It rapidly gets out of hand in quantity; but as a rapid sketchpad for thinking something through you could do a whole lot worse. It's also tempting(again, tempting down the path of darkness in quantity) for dealing with jobs that need both a bit of string munging and a pretty-printed output.

You send the intern down to storage with a barcode scanner and have them start snagging SNs and MACs and stuff from the shipment of new gear. Turns out various vendors use different prefixes on different barcode values to inform their own ERP/inventory system/warehouse people which of the 5 closely spaced barcodes their scanner hit. And each vendor uses a different set of conventions, and while obvious enough they aren't documented. Ok, no problem; intern comes back with raw list; all the Lenovo SNs get a 'last x characters' substring; all the Cisco MACs get another transform, whatever.

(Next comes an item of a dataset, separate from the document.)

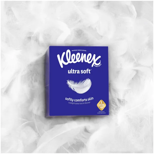 Kleenex Ultra Soft Facial Tissues are soft 3-layer tissues blending indulgent softness with dependable strength. Designed for runny noses and watery eyes, Ultra Soft 3-ply tissues provide a perfect balance of unbeatable softness and strength to comfort skin and help protect your hands. America’s softest Ultra tissue (among national brands) is also the #1 preferred Ultra tissue (vs. Ultra national brands). Kleenex Ultra Soft tissue boxes feature a variety of colors and designs that complement your home decor. Stay stocked up on tissues during cold & flu, allergy, and back-to-school seasons. Skip the store and have Kleenex Ultra Soft facial tissues delivered!
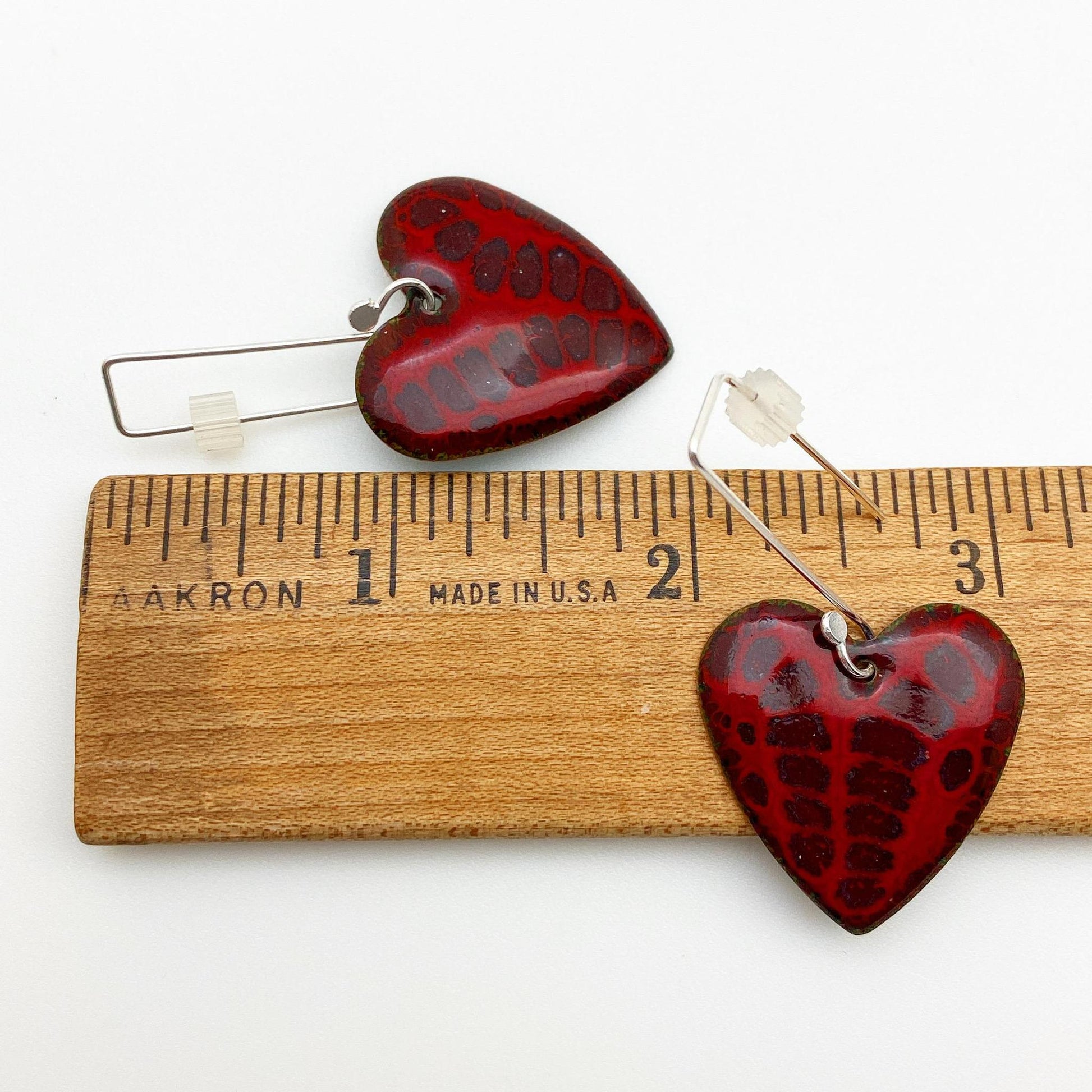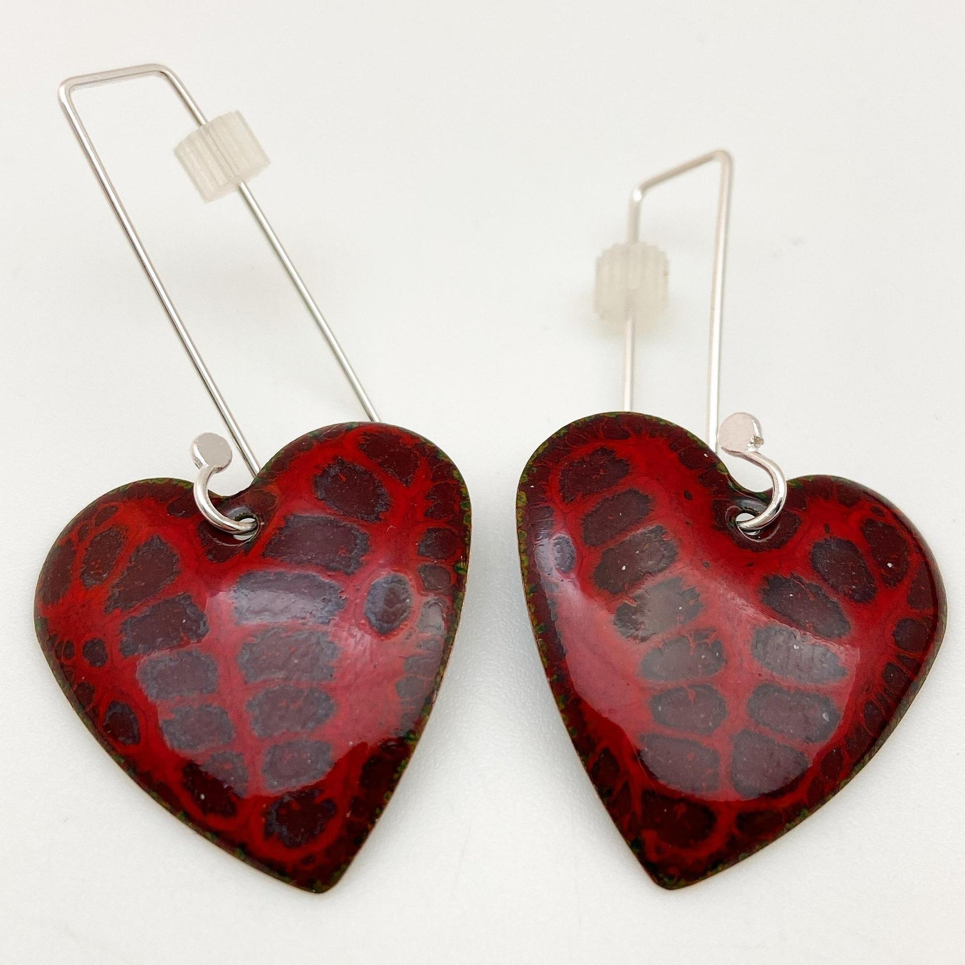 Earrings - Purple Print on Red Hearts - Enamel on Copper

Obviously if it were your inventory/warehouse system you wouldn't be treating the barcode scanner as a raw HID device and doing ad-hoc transformations, there would be a program that automatically uses the prefixes to populate the correct parts of the form; but you want to stick your head into ERP project hell rather than come up with maybe a dozen lightweight string manipulations? Obviously, you could also do it in your choice of scripting language and iterate through one CSV to create another; but that mostly just conceals what you did from anyone who doesn't use that scripting language; while you can walk basically anyone employable through the logic of the spreadsheet prettifying.